Arjac researches what he saw of the creature and finds that it is a genus of the Tyranid Lictor that has infiltrated the Fang and is taking gene-seed for an unknown purpose. Arjac proposes that the Lictor wants gene-seed and is prepared to either wait until the Chapter returns and pick them off in the tunnels of the Fang or force their hand by murdering Thralls until the Wolves have to chase it down where upon it can lead them into more ambushes. So Arjac decides to open up the Chapter gene-seed vaults and let the Lictor come to them. They do this and it fails, killing two more members of the Pack, though Arjac is able to send the Lictor fleeing before it can get at the gene-seed.

At this time Henghis Blackhand, the High Iron Priest, returns with a Great Company claiming that Warp storms separated the chapter fleet and that his company had to return. On hearing the story he is livid and banishes Arjac to the forges while he and the company hunt the Lictor. He also refuses Arjac's claims that it is a Lictor or that it may be an ancient creature that landed on Fenris long before the Tyranids ever showed their faces in the galaxy, he cites a few examples including one where 4,000 years before M41 the Space Wolves chapter faced a xenos scourge on the planet Ourouboros that now they can be sure were Tyranids, they just didn't know it at the time. Arjac goes to the Heart Forges and works on the Axe of Morkai, which he had fixed earlier but used against the Lictor and rebroke it against a wall with his prodigious strength, and has left a sliver of the axe in the Lictor meaning the axe cannot be repaired.

Soon after something begins to happen in the nearby ocean, and Arjac sees that his theory was correct. The Lictor did come from Fenris and the reason it looked so odd and serpentine is that it had adapted to live in the bottom of Fenris's oceans, along with the rest of it's swarm which is now emerging to attack the Fang. A horde of Kraken-spawn, as the Wolves call the Tyranid fleets the Kraken, emerges and in response the Great Company line the walls but seal the doors of the Fang, trapping hundreds of Thralls outside. Arjac pretends to go for a better weapon and instead barges out into the coastal forges to fight alongside the Thralls.

He battles against the Four Tyranid Generals in the swarm, a Zoanthrope, a Dactylis, a Malefactor and a Dominatrix with the Lictor on it's back in place of a Queen. He kills the Dactylis and the Zoanthrope, and then lures the Dominatrix and Lictor towards him by revealing the vial of Russ's blood, which attracts the Lictor towards him. Arjac is devoured by the Dominatrix, which shortly after keels over and dies. It turns out that Arjac had returned to the trophy room as well and took the wargear of a Venenum Assassin that had been sent after a Great Wolf once, and was caught and killed. The Dominatrix swallowed him and in his blood the poison kills the Dominatrix which is not prepared to deal with something like that due to the millennia it has spent in the ocean. The Lictor dies with it, taking it's knowledge of the power behind the Space Wolf gene-seed with it, and the swarm goes into disarray. All those who fought with Arjac are dead, but many more Thralls were saved by his actions.

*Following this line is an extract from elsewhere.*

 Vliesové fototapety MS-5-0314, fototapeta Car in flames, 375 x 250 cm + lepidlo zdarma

Logan Grimnar's company arrives and mops up the remaining Tyranids with Grimnar himself killing the Malefactor. Upon hearing of Arjac's deeds he cuts his way into the Dominatrix's corpse and returns with a barely alive Arjac. The narrator tells the audience that because Arjac never boasted of his deeds, nobody remembered them and assumed he had died in the beast. But Grimnar remembered them and believed that Arjac had lived, and so he had. The narrator reminds the audience that perhaps the greatest warrior is the one who never needs to boast, and with that the saga ends.

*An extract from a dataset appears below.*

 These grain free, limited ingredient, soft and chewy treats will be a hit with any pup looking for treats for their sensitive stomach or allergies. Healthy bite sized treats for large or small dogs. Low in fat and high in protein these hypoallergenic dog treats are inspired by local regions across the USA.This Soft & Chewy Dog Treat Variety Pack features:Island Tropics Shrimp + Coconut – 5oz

Quite a good novella with great callbacks to the earlier incarnations of the antagonist xenos and a very interesting twist on Arjac's most famous moment. Also loved a reference to a famous Space Wolves moment;




In the Space Wolves trophy room they have one of Lion El'Jonson's teeth in the centre of a great ruby set in a war-scepter, taken from the fight where Leman Russ punched him and knocked it out. They consider it one of their finest trophies. Hehe.




LotN


----------



## The Scion of Chemos (May 24, 2013)

Lord of the Night said:


> Actually read this today and it was surprisingly good;
> 
> 
> 
> ...


Well, that makes me hopeful!
Mine still hasn't arrived yet, but I live across the pond.
I look forward to it though!


----------